PMC · DOI: 10.1049/htl2.70025 · Healthcare Technology Letters · 2025-11-22

## TL;DR

This review explores how augmented reality can improve outpatient care by enhancing patient understanding, engagement, and procedural support, while identifying challenges like hardware limitations.

## Contribution

The paper categorizes AR applications in outpatient care into five clinical domains and highlights the need for integration into clinical workflows.

## Key findings

- AR improves patient understanding, engagement, and procedural accuracy in outpatient settings.
- Most AR studies in outpatient care are small-scale pilot studies with limited sample sizes.
- Technical challenges like hardware complexity and platform inconsistencies hinder AR adoption.

## Abstract

Augmented reality (AR) is seeing an increase in its applications in healthcare, but its reach in outpatient care remains undefined. Patients in outpatient settings face poor medical understanding. AR may help address this gap between patients and physicians through immersive and interactive models and supporting tools. This narrative review aims to evaluate the status of AR in outpatient care, categorise its applications, and identify limitations and future research needs.

Four databases–PubMed, Embase, Web of Science and Cochrane Library–were conducted for peer‐reviewed studies published from January 2015 to February 2025. Studies were included if they regarded AR interventions in outpatient care settings. Studies were analysed and grouped thematically into five clinical domains of AR intervention.

After review, 19 studies–spanning 987 participants–were included. AR applications were categorised into patient education and engagement (n = 3), cognitive and functional assessment (n = 3), device interaction and remote monitoring (n = 3), procedural guidance in outpatient interventions (n = 5), and rehabilitation and functional recovery support (n = 5). Most included studies were pilot studies (n = 6) and had relatively small sample sizes (median = 28). Studies proved that AR interventions consistently improved patient understanding, engagement and procedural support. Nevertheless, studies faced limitations including the need for specialised and bulky hardware–which affected patient comfort as well–reliability issues, technical difficulties and platform‐specific inconsistencies.

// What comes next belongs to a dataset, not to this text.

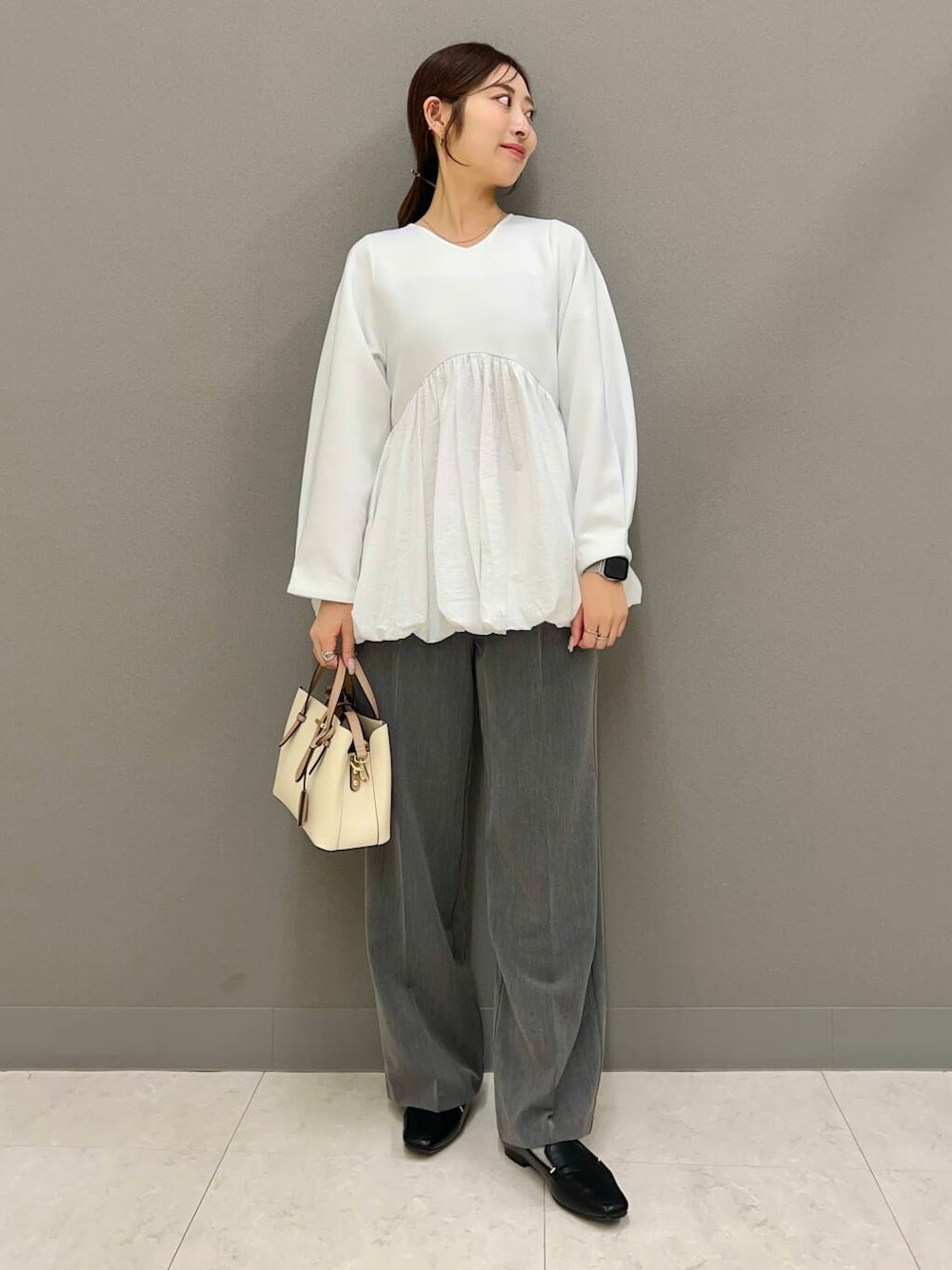 お仕事にピッタリのトップスで、どんなパンツとも合わせやすいです◎

AR has been proved to have the potential to improve outpatient care across five main areas: patient education, cognitive and functional assessment, medical device interaction, procedural guidance and rehabilitation. Studies consistently support that AR enhances patient comprehension, engagement and procedural accuracy while allowing for remote monitoring and personalised therapy. Furthermore, AR interventions demonstrate high usability and clinical relevance. Nevertheless, limitations such as hardware complexity and inconsistent technical performance remain. Future research should prioritise large‐scale RCTs and strategies to integrate AR into pre‐existing digital workflows.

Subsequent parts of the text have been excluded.